Gamers respond well to in-game advertising
LONDON - Gamers have trouble distinguishing in-game advertising from branding that is placed to make a scene more realistic, research has found.
The same research found that a vast majority of gamers, 86%, said that they were happy to see ads placed within games if it brought down the prices they had to pay.
The findings are part of a study into the in-game advertising sector, conducted by CNET Networks for the IAB.
It aimed to uncover how effective in-game advertising is, because it is one of the fastest-growing forms of digital marketing and is appealing to a wide array of marketers from Red Bull and Pepsi to Axe, which featured in the 2005 game 'Splinter Cell Chaos Theory'.

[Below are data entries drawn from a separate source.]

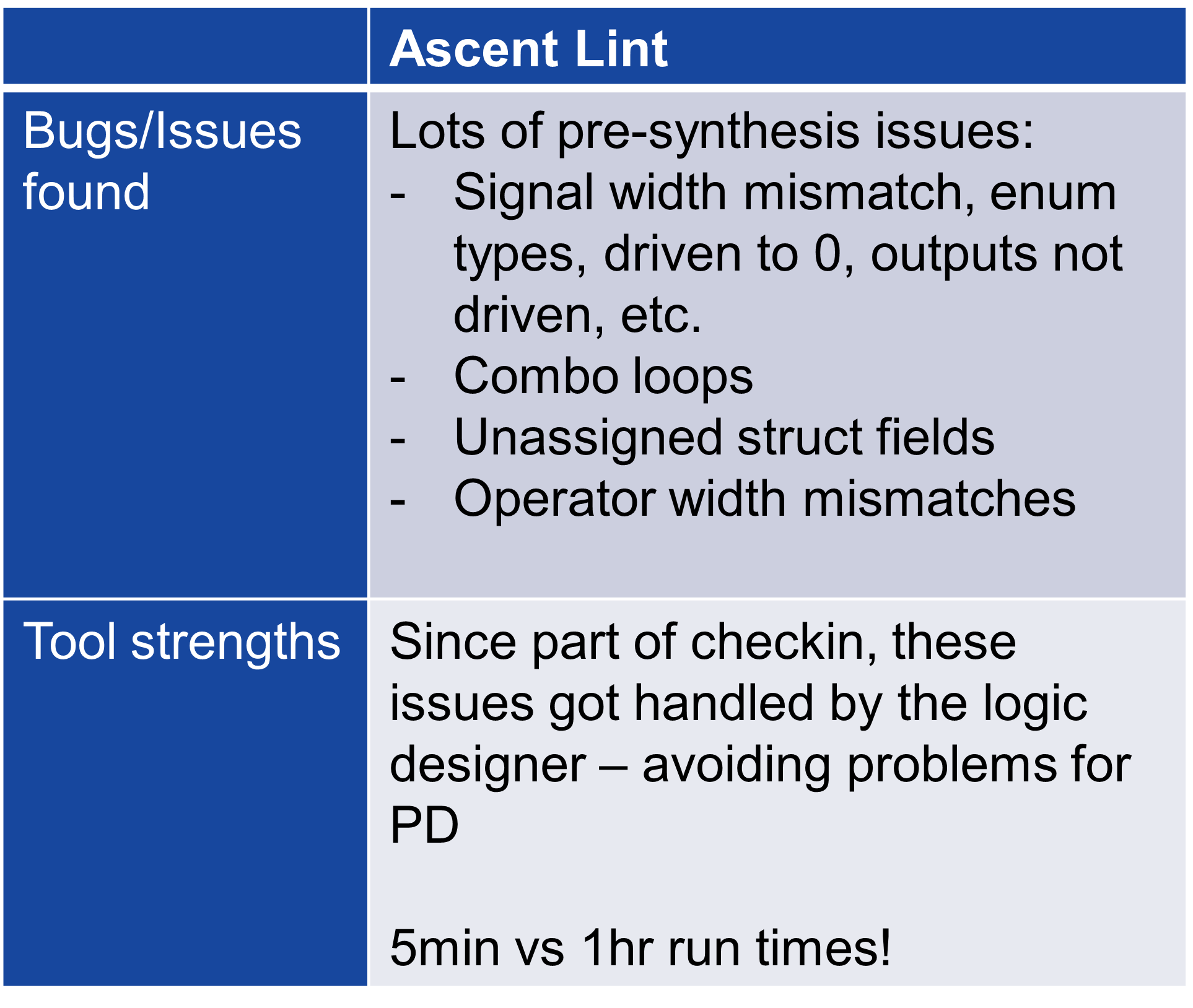 - Ascent Lint is the industry’s fastest RTL linter and rule checker for full-chip SoC analysis. Designed from the bottom-up to deliver the highest performance, capacity and low-noise reporting, it is the best-in-class HDL linter available today with a comprehensive set of syntax and semantic checks.
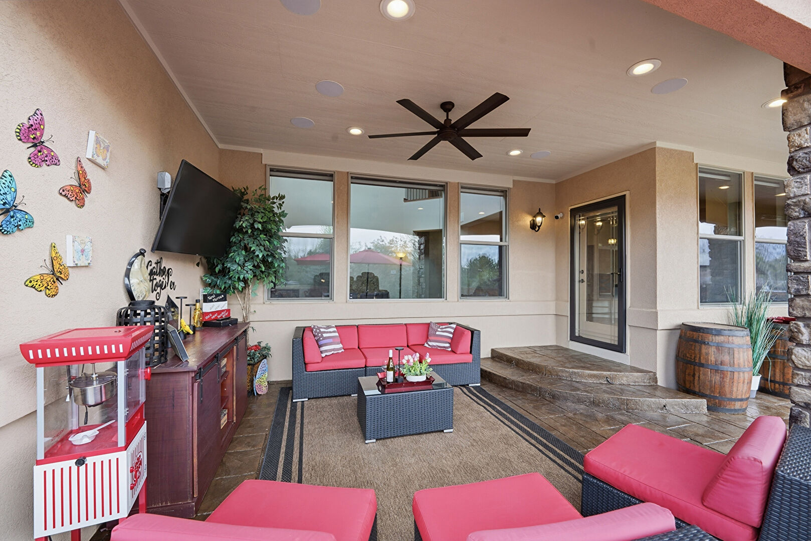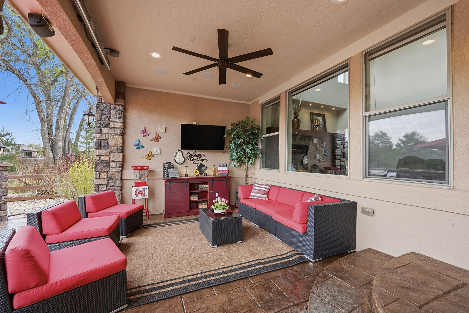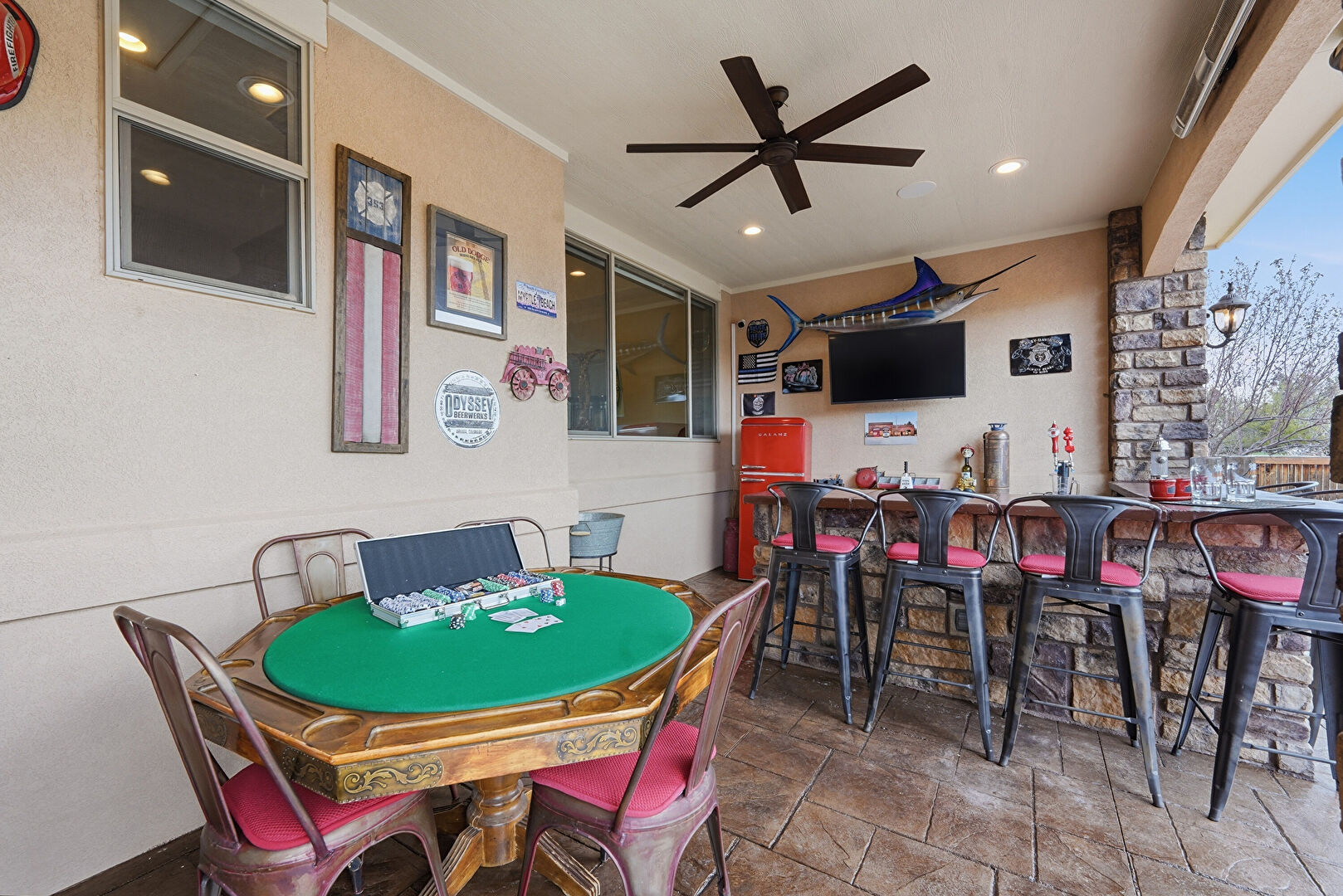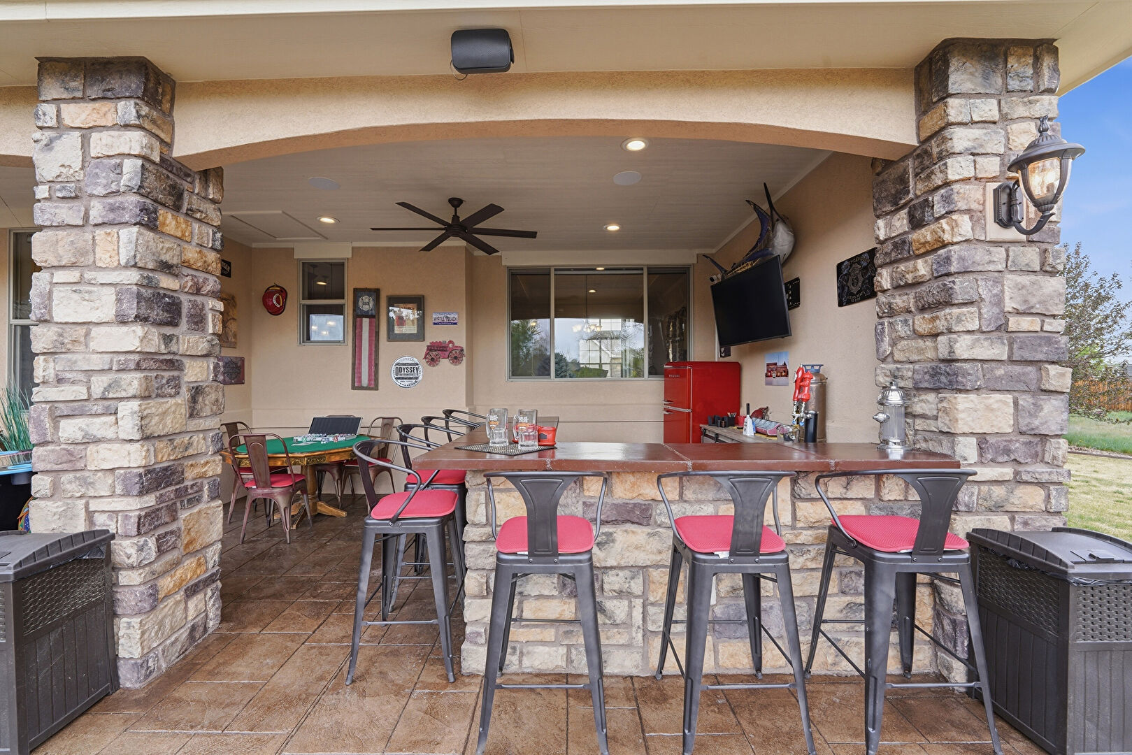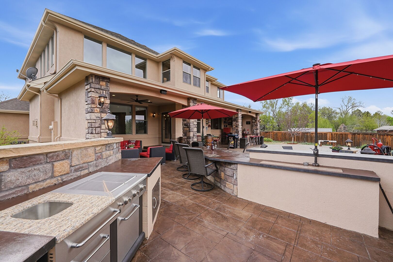Ceiling Fan, Downspout, Fence, Fire Pit, Grill, Gutters, Lawn, Outdoor Bar, Outdoor Dining Area, Outdoor Kitchen, Outdoor Living Space, Patio, Porch, Satellite Dish, Stone Siding, Stucco Siding, Ceiling Fan, Downspout, Gutters, Outdoor Bar, Outdoor Kitchen, Outdoor Living Space, Patio, Satellite Dish
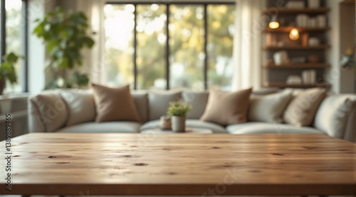 A clean wooden table is in sharp focus in the foreground, with a cozy, modern and minimalist living room faintly visible in the background.
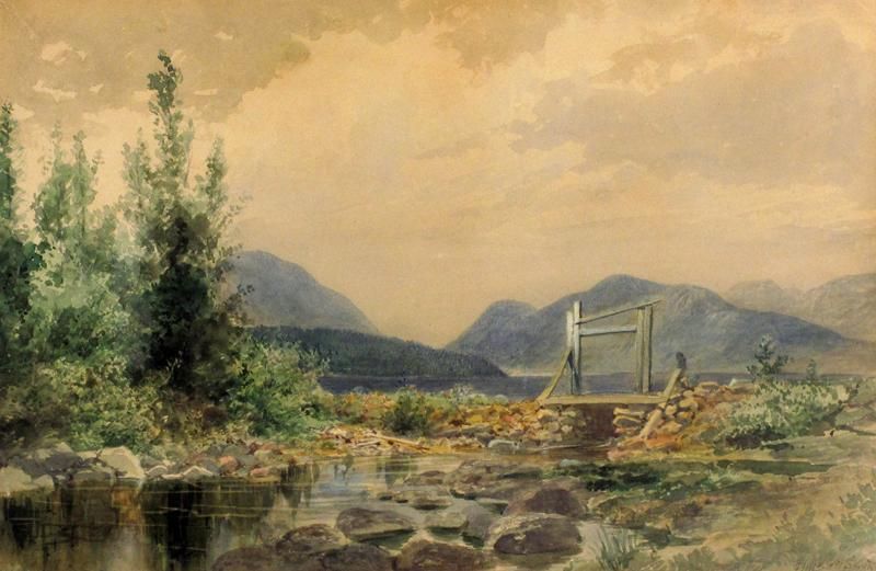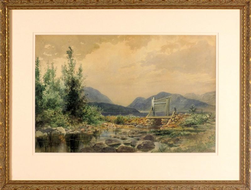 HILLY LANDSCAPE WITH RIVER AND STONE DAM

Of the 3,575 UK-based gamers surveyed, 52% said they had seen an in-game ad during the past 12 months. Of these, 33% said they would be either quite likely or very likely to buy a product they had seen advertised while playing, and 64% said that they felt positively towards the brand.
It also revealed that the majority of gamers do not see in-game ads as intrusive, although 14% said that ads ruined the gaming experience.
Jill Orr, managing director at CNET Networks UK, said: "We got a clear message from gamers, if in-game advertising is realistic, contextual and non-intrusive, there is great potential for advertisers, especially given that gaming is increasing at the expense of other leisure activities."
Forty per cent said that ads in games made them more realistic while 27% said that interacting with a brand during the game, such as gaining more energy by drinking a can of Red Bull, did not constitute advertising.
The findings will be of interest to advertisers looking to target young men, who are switching off their televisions and reading less print media.
Kieron Mathews, head of marketing at the IAB, said: "In-game advertising offers marketers a compelling route to distinct target audiences with real time ad placement and consumer engagement."